The number of real estate deals in December 2019 was the highest since June 2015 and the third highest monthly total in the past decade. This month, which featured an especially large number of homes sold under the Buyer Fixed Price Plan, made 2019 the year with the fourth most home purchases in the past decade, according to figures published today by the Ministry of Finance chief economist.
2019 was a good year for real estate developers, with 32% of all deals involving new homes. Almost half of these new home deals were under the Buyer Fixed Price Plan. The Ministry of Finance chief economist found that the developers' potential cash flow (proceeds from the homes sold) in the last months of 2019 is closed to the record in May-June 2015 - a figure that goes far in explaining the optimistic periodic reports recently published by listed real estate companies.
2019 was the year of young people, who dominated the market, accounting for 51% of all deals, compared with 40% in ordinary years. Young buyers flocked to purchase new homes under the Buyer Fixed Price Plan, and many who did not win discounted homes under the plan found homes in discount projects on the open market.
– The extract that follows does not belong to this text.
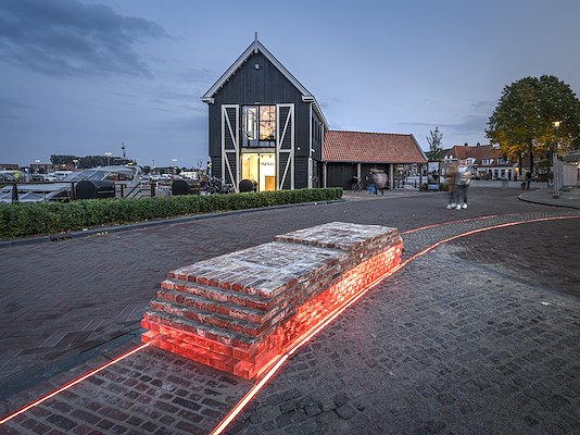 heeft een concept gemaakt, waarvan nu de eerste resultaten zichtbaar zijn op de Havendam. Hier wordt de oorspronkelijk loop van de stadsmuur weergegeven met behulp van een dubbele lijn LED-verlichting van bijna tweehonderd meter lang.

The result was a poor secondhand housing market that created difficulties for move-up buyers, whose proportion of the overall housing market fell from 40% to 36%.
Young people purchased 6,000 homes in December, two thirds of which were on the open market, despite the intensive pace of Buyer Fixed Price Plan deals, which accounted for 28% of all deals, indicating that housing purchases among this population segment were also intensive on the open market in 2019.
One possible explanation of this pattern is political uncertainty, a resumption of price rises, and a shortage of apartments offered in the recent Buyer Fixed Price Plan lotteries, in addition to the criticism of the Buyer Fixed Price Plan and whether it is worthwhile participating in it.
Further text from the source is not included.